-- Input records follows --

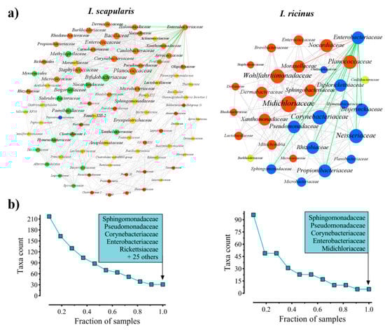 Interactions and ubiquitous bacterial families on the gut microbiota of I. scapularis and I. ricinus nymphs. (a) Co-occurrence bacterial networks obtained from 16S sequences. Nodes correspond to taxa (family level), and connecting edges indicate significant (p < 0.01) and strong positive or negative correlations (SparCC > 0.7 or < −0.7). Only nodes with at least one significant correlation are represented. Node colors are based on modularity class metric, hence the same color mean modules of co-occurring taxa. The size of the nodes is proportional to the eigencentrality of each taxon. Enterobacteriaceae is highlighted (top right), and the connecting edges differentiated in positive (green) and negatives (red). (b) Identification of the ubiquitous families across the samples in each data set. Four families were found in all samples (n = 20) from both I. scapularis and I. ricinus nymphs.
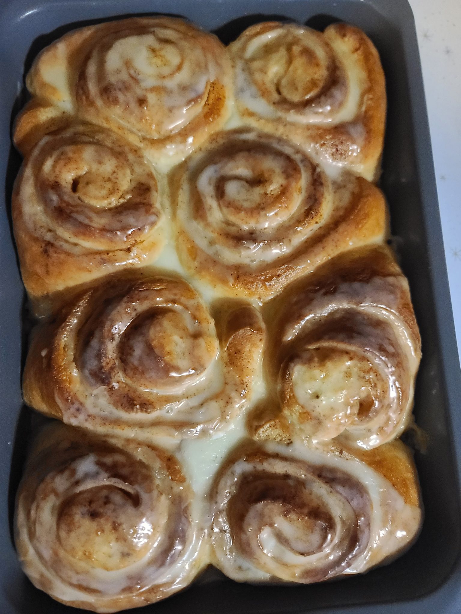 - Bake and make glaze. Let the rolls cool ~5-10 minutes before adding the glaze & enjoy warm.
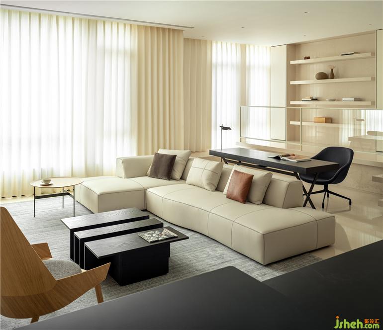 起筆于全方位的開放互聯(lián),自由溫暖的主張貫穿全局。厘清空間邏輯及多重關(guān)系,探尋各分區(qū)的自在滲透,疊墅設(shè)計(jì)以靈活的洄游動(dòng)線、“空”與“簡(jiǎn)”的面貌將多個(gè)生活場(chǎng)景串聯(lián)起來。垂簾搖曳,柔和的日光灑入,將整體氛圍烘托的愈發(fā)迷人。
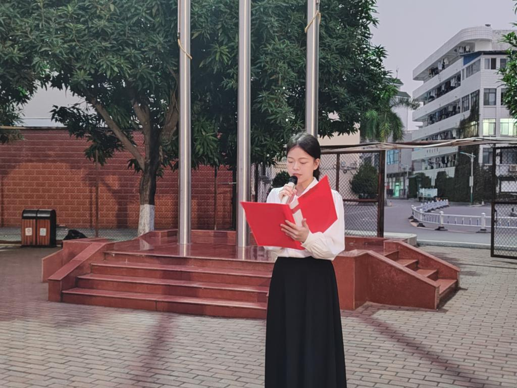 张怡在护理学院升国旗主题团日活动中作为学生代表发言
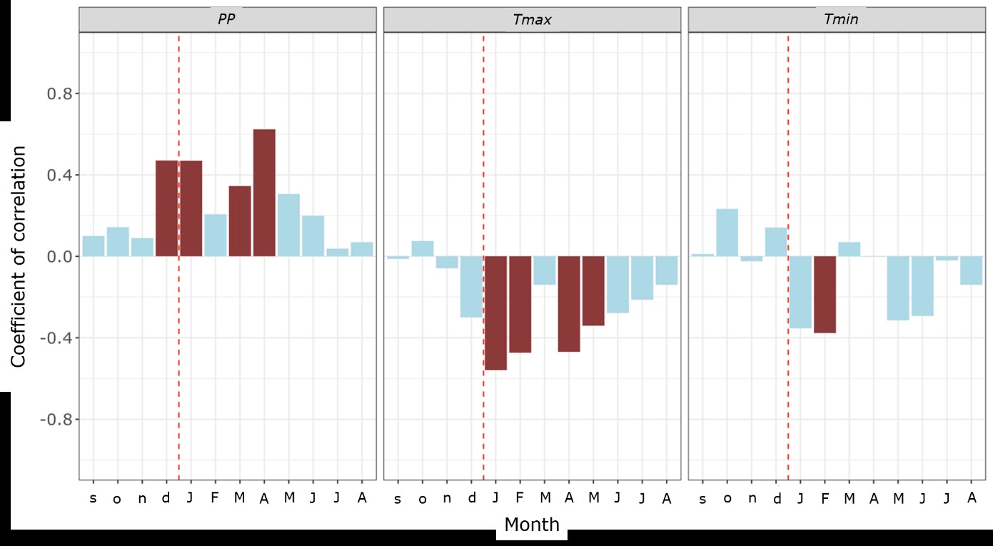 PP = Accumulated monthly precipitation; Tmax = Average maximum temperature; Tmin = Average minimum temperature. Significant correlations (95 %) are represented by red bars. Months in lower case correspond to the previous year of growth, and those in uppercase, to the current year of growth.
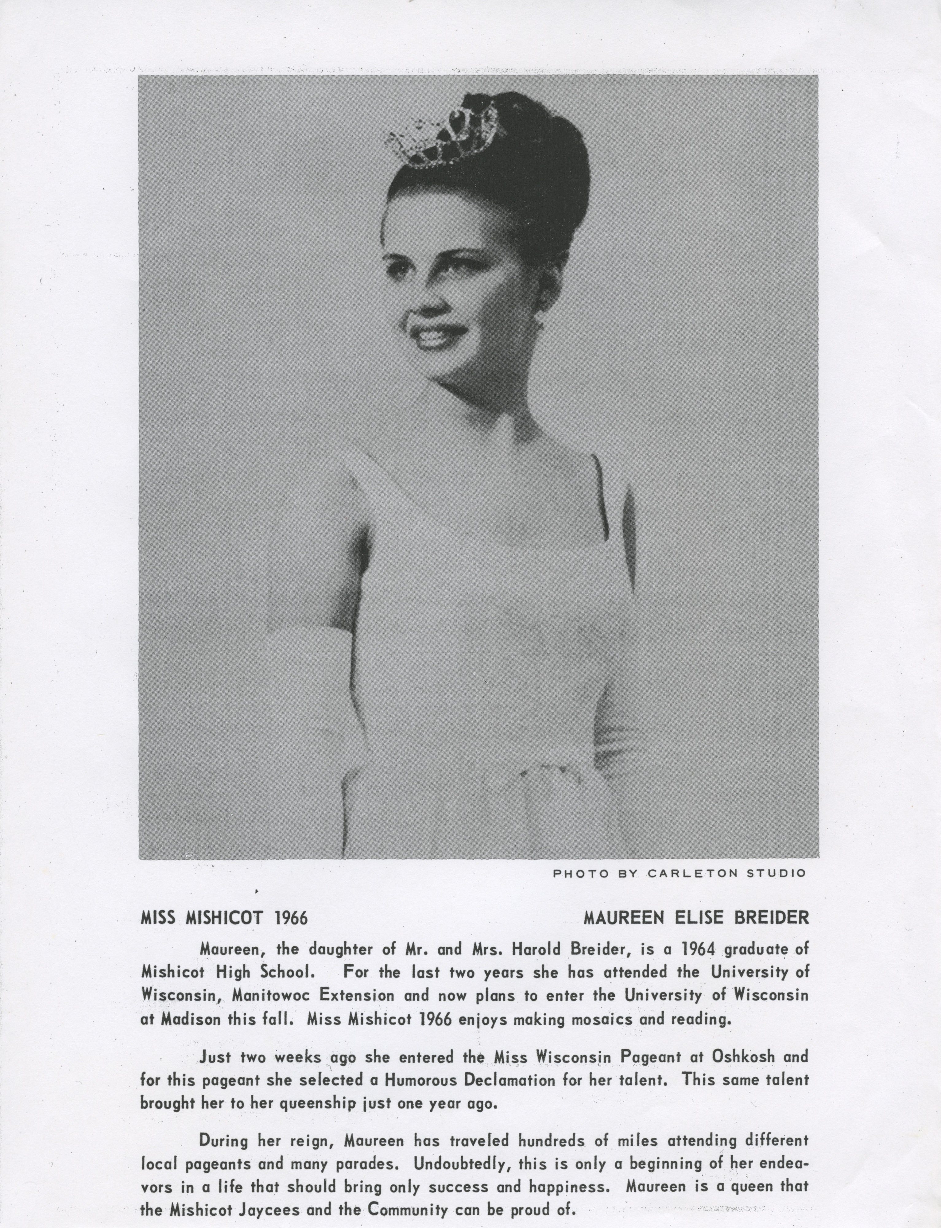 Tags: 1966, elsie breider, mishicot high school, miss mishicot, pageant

-- Input records concluded --

• Exercise: Repeat exactly the lines above, starting at the one that contains "起筆于全方位的開放互聯(li" and stopping at the last line of the entries, and leave out the pictures.

• Your response:
 起筆于全方位的開放互聯(lián),自由溫暖的主張貫穿全局。厘清空間邏輯及多重關(guān)系,探尋各分區(qū)的自在滲透,疊墅設(shè)計(jì)以靈活的洄游動(dòng)線、“空”與“簡(jiǎn)”的面貌將多個(gè)生活場(chǎng)景串聯(lián)起來。垂簾搖曳,柔和的日光灑入,將整體氛圍烘托的愈發(fā)迷人。
 张怡在护理学院升国旗主题团日活动中作为学生代表发言
 PP = Accumulated monthly precipitation; Tmax = Average maximum temperature; Tmin = Average minimum temperature. Significant correlations (95 %) are represented by red bars. Months in lower case correspond to the previous year of growth, and those in uppercase, to the current year of growth.
 Tags: 1966, elsie breider, mishicot high school, miss mishicot, pageant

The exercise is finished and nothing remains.